ترجمه مقاله نقش ضروری ارتباطات 6G با چشم انداز صنعت 4.0
- مبلغ: ۸۶,۰۰۰ تومان
ترجمه مقاله پایداری توسعه شهری، تعدیل ساختار صنعتی و کارایی کاربری زمین
- مبلغ: ۹۱,۰۰۰ تومان
Anomaly intrusion detection in big data environments calls for lightweight models that are able to achieve real-time performance during detection. Abstracting audit data provides a solution to improve the efficiency of data processing in intrusion detection. Data abstraction refers to abstract or extract the most relevant information from the massive dataset. In this work, we propose three strategies of data abstraction, namely, exemplar extraction, attribute selection and attribute abstraction. We first propose an effective method called exemplar extraction to extract representative subsets from the original massive data prior to building the detection models. Two clustering algorithms, Affinity Propagation (AP) and traditional k-means, are employed to find the exemplars from the audit data. k-Nearest Neighbor (k-NN), Principal Component Analysis (PCA) and one-class Support Vector Machine (SVM) are used for the detection. We then employ another two strategies, attribute selection and attribute extraction, to abstract audit data for anomaly intrusion detection. Two http streams collected from a real computing environment as well as the KDD’99 benchmark data set are used to validate these three strategies of data abstraction. The comprehensive experimental results show that while all the three strategies improve the detection efficiency, the AP-based exemplar extraction achieves the best performance of data abstraction.
1 Introduction
The importance of computer network security is growing with the pervasive involvement of computers in people’s daily lives and in business processes within most organizations. As an important technique in the defense-indepth network security framework, intrusion detection has become a widely studied topic in computer networks in recent years.
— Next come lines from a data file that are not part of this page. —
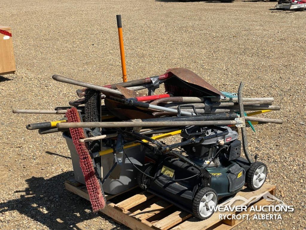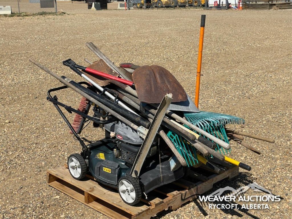 Specifications: FLOOR JACK, SHOVELS, BROOMS, YARD WORKS 21 IN. LAWN MOWER
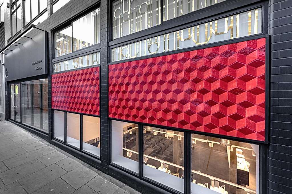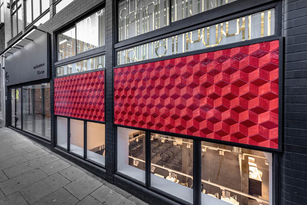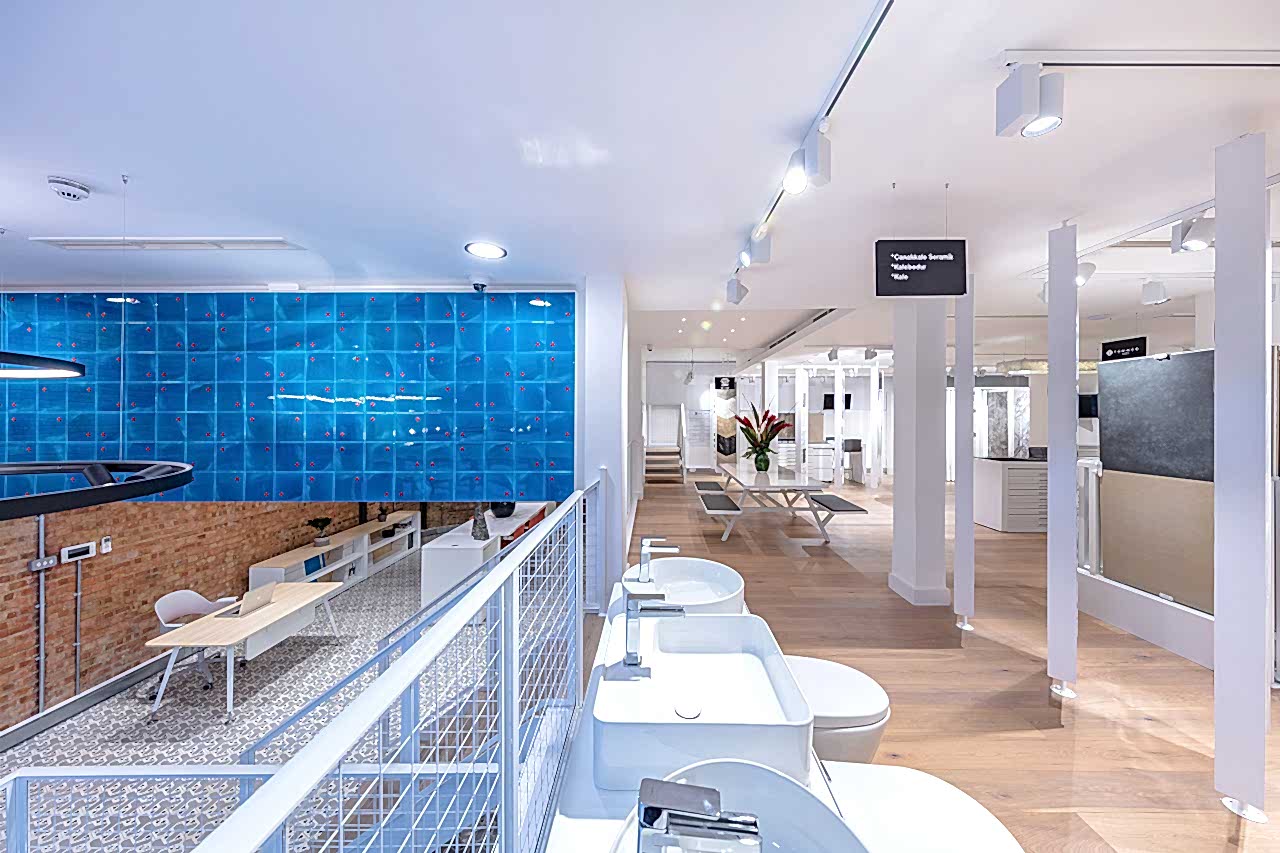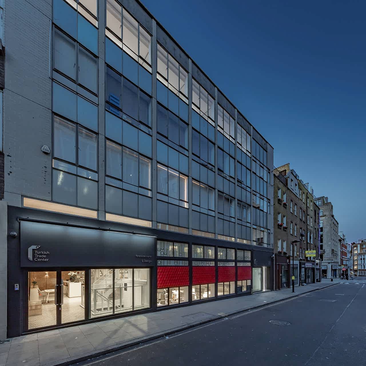 Bina bulunduğu sokakta, Türkiye tasarım ve geleneksel tasarım kültürünü Londra sokaklarına taşımak amacıyla, sokak kotunda, cephe’de ve giriş karşılama alanına yapılan küçük müdahaleler ile Türkiye’de üretilen özgün desenli çini ve seramikler ile, ilgi çekici hale getirilmiş, buna karşılık, bina iç mekanı minimum mimari müdahale ile bünyesinde bulundurduğu firmaların ürünleri ön plana çıkaracak bir tuval olarak düşünülmüştür. Cephede bulunan 16. yüzyıl teknikleri kullanılarak el ile üretilen Edirne kırmızısı çiniler(Rouge d’Andrinople), 18.yy’ın başlarında yaygın olarak kullanılan Türkiye’ye özgü, üretilmesi hayli zor olan güçlü bir kırmızı kumaş rengini, tarihini, Avrupa ve İngiltere’deki üretim denemelerini, formüllerini ve rengin endüstriyel dönüşümünü temsil etmektedir. Binanın giriş karşılama alanında Türk tasarımcılar Bülent Erkmen ve Canan Tolon’a ait seramik ve çiniler ön plana çıkmaktadır.
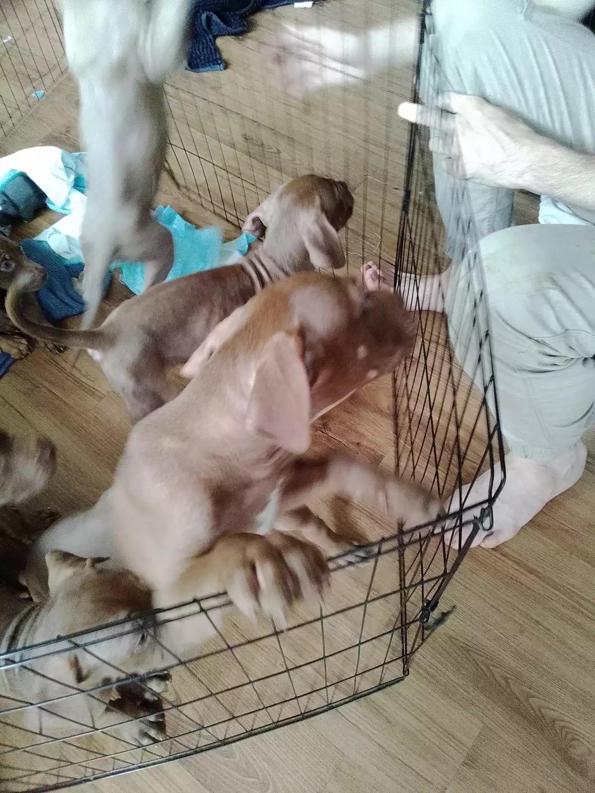 Dogs have access to: warm bedding, water at all times, ample space to exercise, natural light
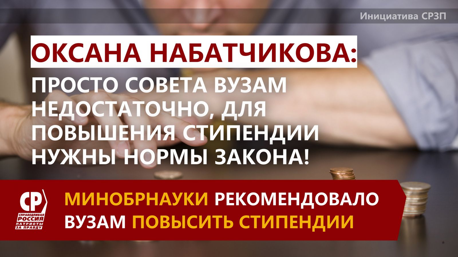 "Просто совета вузам явно недостаточно. Для повышения стипендии нужна нормы закона – подчёркивает Оксана Набатчикова, председатель Совета регионального отделения партии – "студенты говорят о большой актуальности этой проблемы. Сегодня есть запрос и на различные стимулирующие выплаты для студентов, которые учатся на коммерческой основе. Студенты должны учиться, а не разрываться между учебой и поиском заработка" – заключил политик.
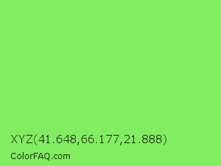 XYZ 41.648,66.177,21.888 Color is a light green color and the nearest color is Pastel Green #77dd77. Hex code #82ed61 and RGB value is rgb(130,237,97). In RGB color space, this color is composed of 51% red, 93% green, 38% blue, In CMYK color space, this color is composed of 45% cyan, 0% magenta, 59% yellow , 7% black , In HSL color space, this color has a hue angle of 106° , 80% saturation and 65% lightness.
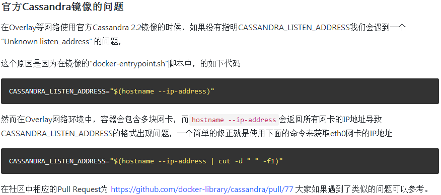 Docker Hub上已经提供了Cassandra的官方镜像,可以方便地创建单节点Cassandra实例或Cassandra集群。Cassandra采用去中心化的集群架构,没有master节点的概念;但是会有seed节点在新节点连入时通知当前集群。
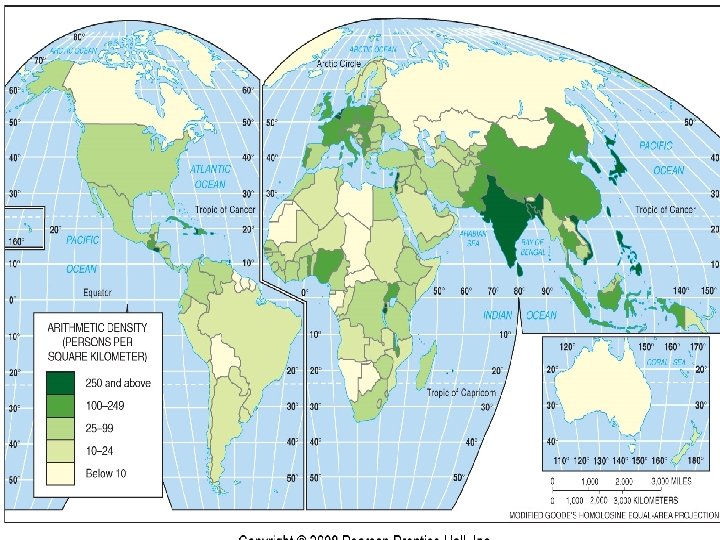 Population Density Aka arithmetic density- total # of people divide by total land area Used to compare countries because the info. for computing is easy to obtain About 80 per sq. mile in US (31 per sq. kilometer) Bangladesh= 2700 per sq. mile (many people, small land) India= 900 (more people than US, less land) Canada= 8 (big land, few people) Manhattan island-68, 000

In general, the techniques for intrusion detection can be categorized as signature-based detection and anomaly detection. Signature-based detection (e.g., Snort [31]) relies on a database of signatures from known malicious threats. Anomaly detection, on the other hand, defines a profile of a subject’s normal activities and attempts to identify any unacceptable deviation as a potential attack. Typically, machine learning techniques are used to build normal profiles of a subject. Any observable behavior of a system, such as a network’s traffic [13,19], a computer host’s operating system [11,36] or a mobile application [2,39], can be used as the subject information.
6 Concluding remarks
The amount of data in anomaly intrusion detection is becoming increasingly massive in current computing environments. Building a lightweight model for anomaly intrusion detection to achieve real-time detection therefore becomes an important challenge. In this paper, we abstract big audit data by finding a small set of exemplars from a large set of original data. An exemplar is nicely representative of other data items. Exemplars are identified among data items and clusters of data items are formed around these exemplars. The exemplars are then fed as data input for training the detection models. This method improves detection efficiency for two reasons: first, only a smaller set of data needs to be processed for the training, and second, the detection process only needs to be based on a compressed model. For a comparative view of different strategies of data abstraction in intrusion detection, in this paper we also introduced Information Gain based attribute selection and PCA based attribute abstraction for anomaly detection.
6. نتیجه گیری ها
مقدار داده ها در تشخیص نفوذ ناهنجاری در محیط های رایانشی فعلی به سرعت در حال گسترش است. بنابراین ایجاد یک مدل سبک وزن برای تشخیص نفوذ ناهنجاری به منظور دستیابی به شناسایی لحظه ای به چالش مهمی تبدیل شده است. ما در این مقاله داده های بزرگ را با یافتن مجموعه کوچکی از نمونه ها از مجموعه بزرگی از داده های اصلی خلاصه می کنیم. یک نمونه به خوبی نشان دهنده آیتم های دیگر داده ها است. نمونه ها در بین آیتم های داده شناسایی می شوند و خوشه های مربوط به آیتم های داده در اطراف این نمونه ها شکل می گیرند. سپس این نمونه ها به عنوان ورودی داده برای آموزش مدل های شناسایی مورد استفاده قرار می گیرند. این روش سبب بهبود کارآیی به دو دلیل می شود: اول، تنها یک مجموعه کوچکتر از داده ها برای پردازش مورد نیاز است و دوم، فرآیند تشخیص تنها می بایست براساس یک مدل فشرده انجام شود. در این مقاله برای نمایش قیاسی از استراتژی های مختلف خلاصه سازی داده ها در تشخیص نفوذ، انتخاب ویژگی مبتنی بر بهره اطلاعات و خلاصه سازی ویژگی مبتنی بر PCA برای تشخیص ناهنجاری معرفی شده است.